Question

1) What is the pH of 100.0 mL of a 0.100M aqueous solution of benzoic acid...

1) What is the pH of 100.0 mL of a 0.100M aqueous solution of benzoic acid at 25C?

2) What is the pH of 100.0mL of a 0.100M aqueous solution of sodium benzoate at 25C?

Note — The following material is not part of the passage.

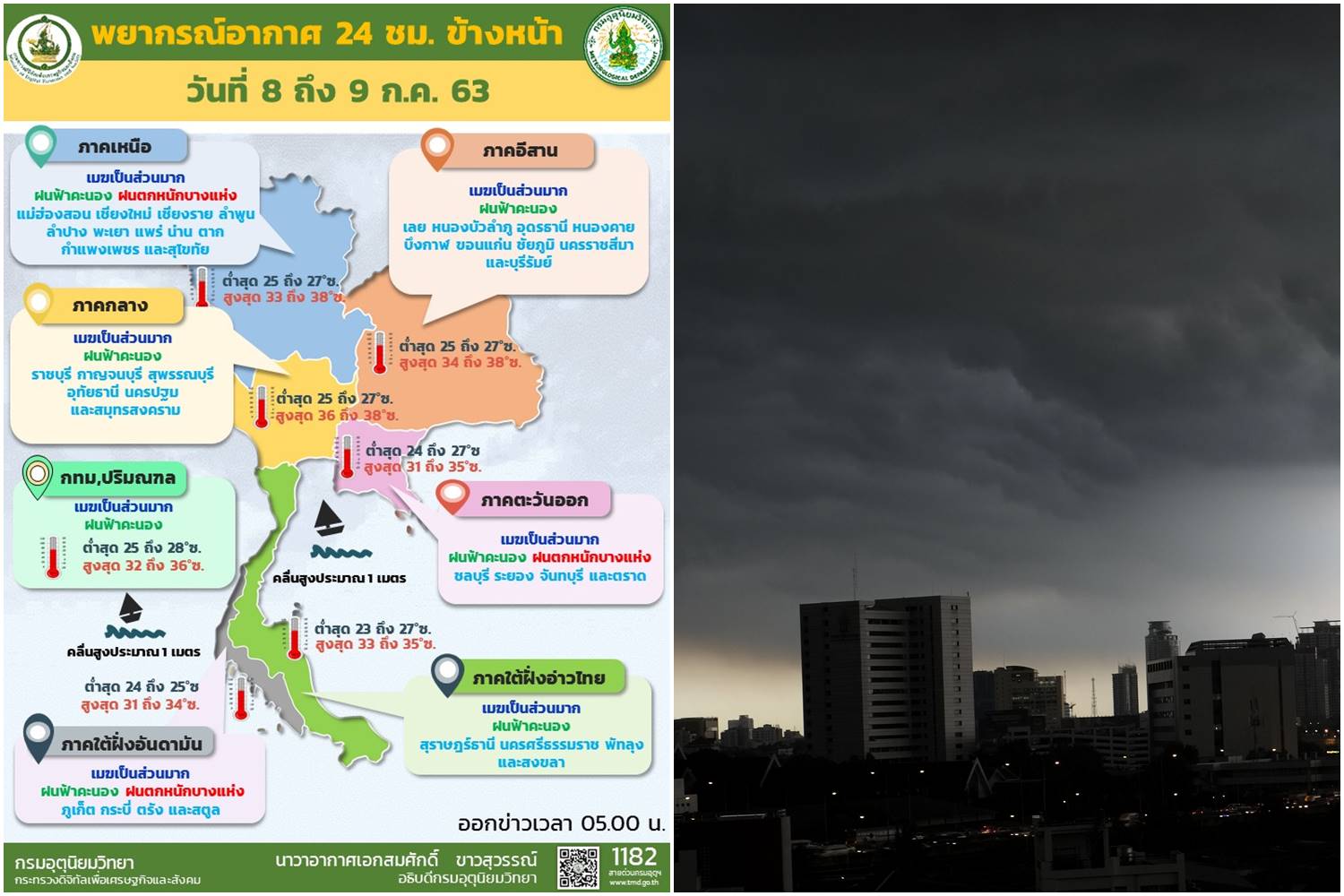 กรุงเทพมหานครและปริมณฑล เมฆเป็นส่วนมาก กับมีฝนฟ้าคะนอง ร้อยละ 40 ของพื้นที่ อุณหภูมิต่ำสุด 25-28 องศาเซลเซียส อุณหภูมิสูงสุด 32-36 องศาเซลเซียส ลมตะวันตกเฉียงใต้ ความเร็ว 10-25 กม./ชม.

3) What is the pH of a mixture of 50.0mL of 0.100M benzoic acid and 50.0mL of 0.100M sodium benzoate at 25C?

Homework Answers

Answer #1

1) pH of weak acid(benzoicacid) = 1/2(pka-logC)

           pka of benzoicacid = 4.2

    pH = 1/2(4.2-log0.1) = 2.6

2) pH of sodium benzoate = 7 +1/2(pka+logC)

    pka of benzoicacid = 4.2

C = concentration of sodium benzoate = 0.1 M

pH = 7+1/2(4.2+log0.1) = 8.6

3) no of mol of benzoicacid = 50*0.1 = 5 mmol

no of mol of sodium benzoate =   50*0.1 = 5 mmol

pH = pka + log(sodium benzoate/benzoicacid)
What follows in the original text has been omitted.